In his lecture, Eric Holt-Giménez, executive director of Food First/Institute for Food and Development Policy, will address the structural inequity and inherent unsustainability of our current food system and the role and challenges for the food movement in systems transformation.
This event is sponsored by the Baker-Nord Center’s Food and Communities Seminar Group, led by Nárcisz Fejes, and is part of the 2016 Food Week.
About the Speaker:
Eric Holt-Giménez, Ph.D. is the executive director of Food First/Institute for Food and Development Policy (July 2006—Present). Called one of the country’s “most established food think tanks” by the New York Times, Food First’s mission is to end the injustices that cause hunger, poverty and environmental degradation throughout the world. Food First believes that a world free of hunger is possible if farmers and communities take back control of the food systems presently dominated by transnational agri-foods industries.

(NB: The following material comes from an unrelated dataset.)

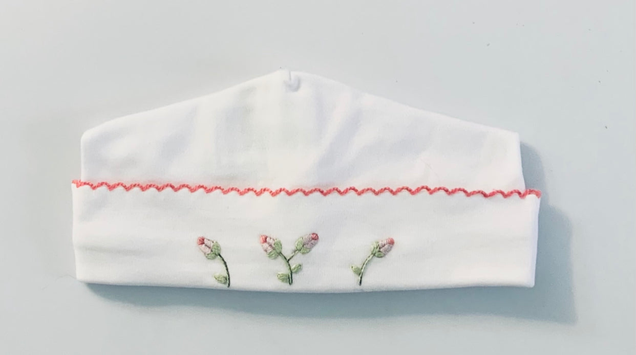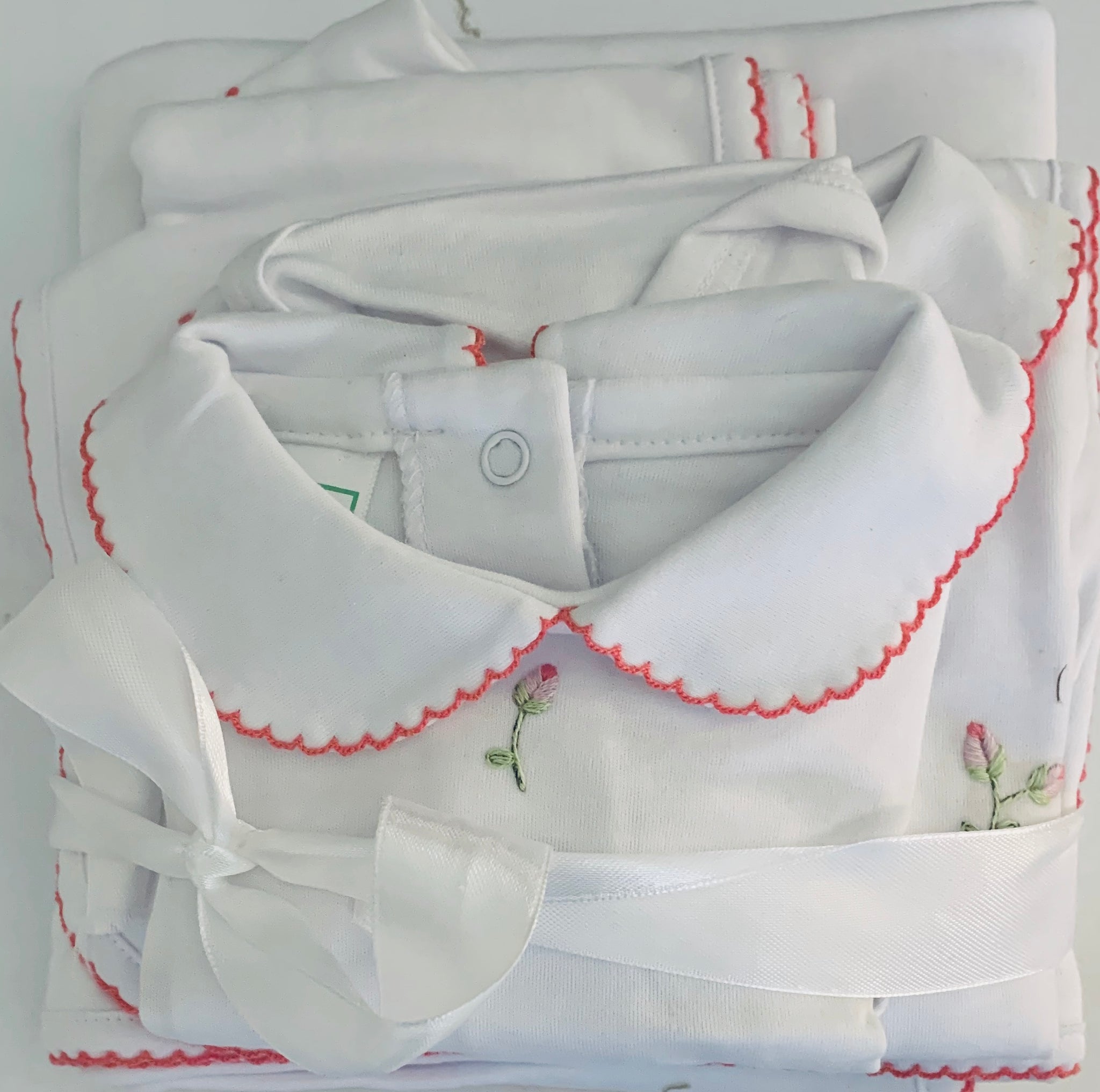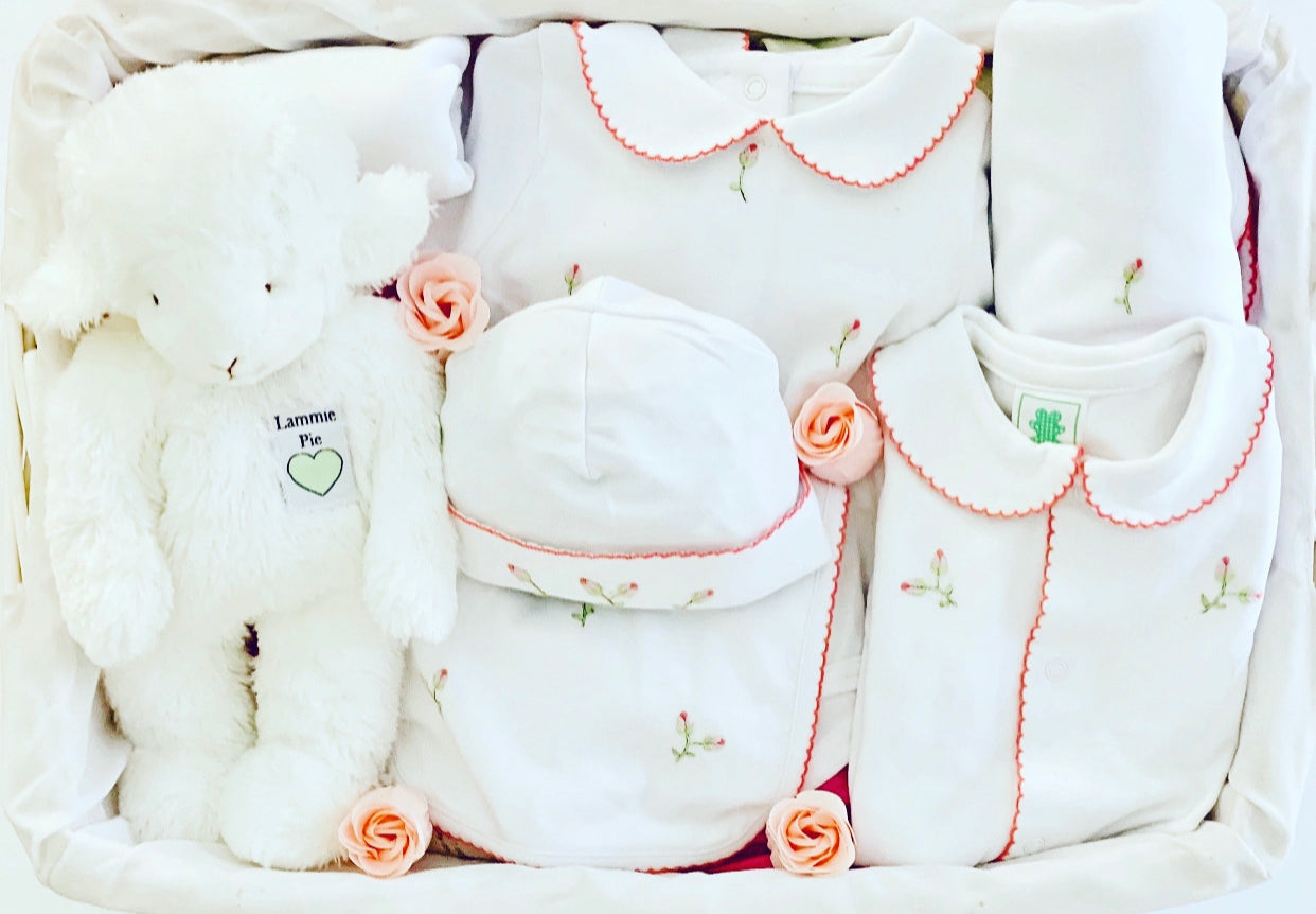 PetitTresor Luxe is proud to introduce the embroidered 'Rosebuds' layette collection. All items are made of 100% hand-picked Peruvian Cotton. Layette set includes: Footed Pajamas, Sunsuit, Receiving Blanket, Burp Cloth, Bib, Hat (hat included for NB and 3m sizes)

A political economist and agroecologist, Eric grew up working on farms in Northern California and worked for over 30 years in international agricultural development. He has published many magazine and academic articles on agroecology, development, food justice and food sovereignty and is author/editor of several Food First books, including: Food Movements Unite! Strategies to Transform our Food System (2011), Food Rebellions: Crisis and the Hunger for Justice (2009) and Campesino a Campesino: Voices from Latin America’s Farmer to Farmer Movement for Sustainable Agriculture (2006) in which he chronicles his involvement with this movement in Mexico and Central America over two and a half decades. Eric lectures internationally and has taught undergraduate and graduate classes and courses at the University of California, Boston University, Antioch University in Colombia and The National Gastronomic University of Italy. He has a Ph.D. in Environmental Studies from the University of California—Santa Cruz and a M.Sc. in International Agricultural Development from University of California—Davis. At Food First, Eric’s research and writing has concentrated on the global food crisis, the U.S. Farm Bill, the expansion of agrofuels, land grabs, neighborhood food systems, the agrarian question and food movements. In his words, “Successful social movements are formed by integrating activism with livelihoods. These integrated movements create the deep sustained social pressure that produces political will—the key to changing the financial, governmental and market structures that presently work against sustainability.”